The war on drugs has officially gone to far; in New York at least. Last week, tradgically, 18 year old Ramarley Graham was shot and killed in his home bathroom by plainclothed police officers while trying to flush a small amount of marijuana. The officers broke into his Bronx home and shot and killed Ramarley. Afterwards the officer claimed that he 'thought the teen had a weapon'. No weapons were found inside the home. This begs the question, "Where do we draw the line on this war on drugs?"

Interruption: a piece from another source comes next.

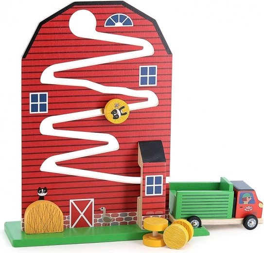Odkryj urok farmy z drewnianym labiryntem od Vilac. Ta zabawka jest idealna dla dzieci od 18 miesięcy i oferuje edukacyjne doświadczenia, które nigdy się nie nudzą. Dzieci uczą się podstawowych zasad przyczyny i skutku, obserwując, jak bele siana ślizgają się po torze.

While details of the tragedy are still unfolding, it appears that the teen had a small amount of marijuana on him, so walked home to get away from the cops because he didn't want to be arrested. The cops followed him, broke into his home and killed him in his bathroom while he was trying to flush a small amount of marijuana down the toilet. The police officer who shot Graham said he believed the young man had a gun. He did not -- no weapons were found.
The bottom line is that an 18-year-old is dead because of the insane marijuana arrest crusade by the NYPD.
Graham's family and the community are righteously demanding justice. There was a passionate gathering of hundreds of people outside the 47th Precinct station in the Bronx last night, where they condemned police violence and the almost-routine killings of unarmed men like Mr. Graham. Graham's sister is quoted in the New York Times, saying, "This is not just about Ramarley. This is about all young black men."
Incidentally, just the day before the tragic killing, the New York City media was buzzing about the 2011 marijuana arrest numbers. There were more than 50,000 marijuana arrests in 2011, the second-most in NYC history and the most in more than a decade. The NYPD bust more people for small amounts of marijuana than any other crime in the city. And these 50,000 arrests are overwhelmingly young black and Latino men -- even though, according to the government's own data, they are no more likely to use or sell marijuana than young whites.
The amazing thing is that 7/8 of an ounce of marijuana is decriminalized -- if police find marijuana in your belongings, they're supposed to just give you a ticket, instead of arresting you, unless the marijuana is being smoked or in "public view." So if under an ounce is supposed to not lead to arrest, why are 50,000 arrests happening a year? Because the NYPD stops and frisks more than 600,000 people -- mostly young black and brown men -- and then tricks them into emptying their pockets. And when marijuana is then pulled out, the police arrest them for marijuana in "public view."
There has been a big campaign by the Drug Policy Alliance, Institute for Juvenile Justice Reform and Alternatives (IJJRA), and VOCAL-NY slamming the NYPD for these illegal arrests. In September it seemed like the campaign had reached a breakthrough when Police Commissioner Kelly ordered his police to stop making improper marijuana arrests. Last week's news about the 2011 statistics, however, shows that the commissioner's order has not stopped these arrests -- and New York City remains the marijuana arrest capital of the world.
Getting arrested for marijuana is no small matter -- not least because it creates a permanent criminal record that can easily be found on the Internet by employers, landlords, schools, credit agencies, licensing boards and banks.
And if these 50,000 arrests a year are not destructive enough, we have an 18-year-old teenager who is dead, killed by the NYPD looking to make another small bust for marijuana. No one has ever died from smoking marijuana. But the war on marijuana has taken way too many lives.